Keep the goal the goal
The goal here is simple. I want to get you off the couch, get you back into fitness and get you feeling athletic again. So in order to do that, you have to be consistent and you have to be determined. My job in the initial stages with you or any other athlete I work with is to start you on the right path. Sure, you’ve probably worked out before. But this time I want to actually learn and understand the “why” and “how” so that you can continue your progress for as long as you want. That’s what this is about. No quick fix diet, no magic exercise.

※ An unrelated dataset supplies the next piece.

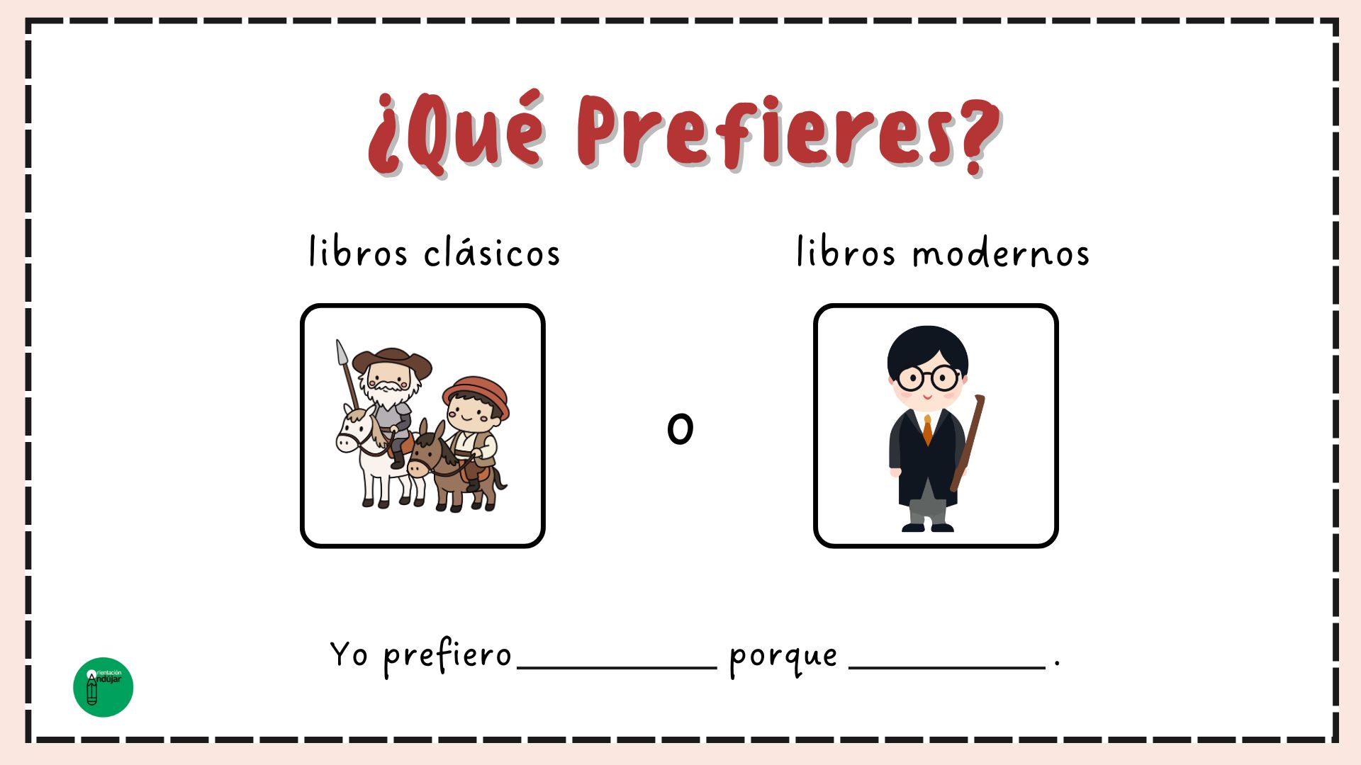 ¡Vuelve uno de los grandes favoritos de nuestra comunidad! Como ya es tradición en el blog, nos encanta rescatar dinámicas que funcionan de maravilla y adaptarlas a las fechas señaladas. Esta vez, hemos transformado nuestra clásica actividad de «¿Qué prefieres?» para celebrar un Día del Libro lleno de debate, risas y, sobre todo, mucha personalidad. Es una forma fantástica de romper el hielo y salir de las actividades más académicas para entrar de lleno en el terreno de la imaginación y los gustos personales de nuestros alumnos.

When you first start out with this journey to being athletic again, I want you to understand that we need to make the correct assessments before we do anything else. You have to really know, not guess, where you are physically and mentally today. Acknowledging the fact that, mentally, you don’t know if you can commit to eating healthy long-term is a good thing. It’s great to know this in advance, because now we can build in short-term goals and milestones that will help you avoid pitfalls along the way. If you tell yourself “I will just get a gym membership and go right into back squatting 225 lbs. like I used to” you are putting yourself at higher risk to not reach your goal long-term. So, we need to correctly assess and then slowly progress.
Mentioning the back squat, it’s important to note that I think it’s an excellent exercise. In fact, it’s one of the best exercises out there because it can create strength, help lose body fat, and improve core strength all at the same time. There’s only a few exercises I can count on one hand that can provide that. But with all this said, is it right for most of you right now? Probably not. The right question is not if we should or shouldn’t, but how do we get from where we are now to being able to do a heavy back squats and receive those benefits.
It’s all about the planning
As a strength and conditioning coach, I have to constantly assess my athletes to know all kinds of information like the way that they move and what they are able to handle in each training session. Once I have this information, I choose which exercise fits best with the given info and then adjust accordingly. For example, a simple exercise progression should start with the most basic variation someone is capable of doing correctly and then get more complicated (with either loading or reps/sets) as you progress. Start out with a bodyweight movement and then assess yourself. If you are proficient at this and meet all the requirements, progress to the next step.
Different ways to progress any movement pattern
Once you become more comfortable with something like a bodyweight lunge, squat or pushup you can start to challenge yourself by adding weight or increasing the sets and reps. Changing foot position is also another way to increase the level of difficulty. Going from a bodyweight squat to more complex movements would include things like reverse lunges, split squats or even rear foot elevated squats. A pushup would be progressed by adding a weighted vest, elevating your feet, or widening your hand position. As mentioned before, you can always add more sets or reps to the movement as a means to increase too.
Here is a simple progression of the squat movement starting from body weight progressing all the way to full barbell back squats. Understand first where you fit along this spectrum and then follow the progression.
Below is an illustration of how to progress a squatting variation:
Rear foot elevated squat
Typically, most clients or athletes that have gone through the process and reached this point can begin to work into learning the back and front squat with a barbell. I prefer to teach this movement with box squatting first to build confidence and allow for more ways to cue the movement. After I see proficiency with the box squat and have continued to build strength and stability with the previously mentioned movements, I will add load to the bar and progress them on the barbell movements.
Back Squat/Front Squat
So, you see that this is a simple way to illustrate how important it is to start at the right point and slowly build movement patterns with milestones and checkpoints. Instead of jumping right into the most complex movement, you are setting yourself up for long-term success by mastering the basics. The squat is an excellent way to build the athletic qualities that we desire. Just because we can’t jump right into the most complex step doesn’t mean we can’t a) perform a squatting variation and make gains in strength and power and b) work to eventually back/front squatting under heavy weights.
Take home points:
- The squat pattern is an excellent way to build strength and power in the lower body as well as increase speed and jump height.
- Making a correct assessment before jumping into a workout program will help set you up for long-term success. Short-term, overnight improvements like rapid weight loss is not going to be what we want.
- There are proper progressions to follow for the squat, hinge, pressing and rowing patterns that will help us take a slow and steady approach to reaching our goals.
- Assess, evaluate, and make a plan. If you can’t do something now, make a plan to get there in a time frame.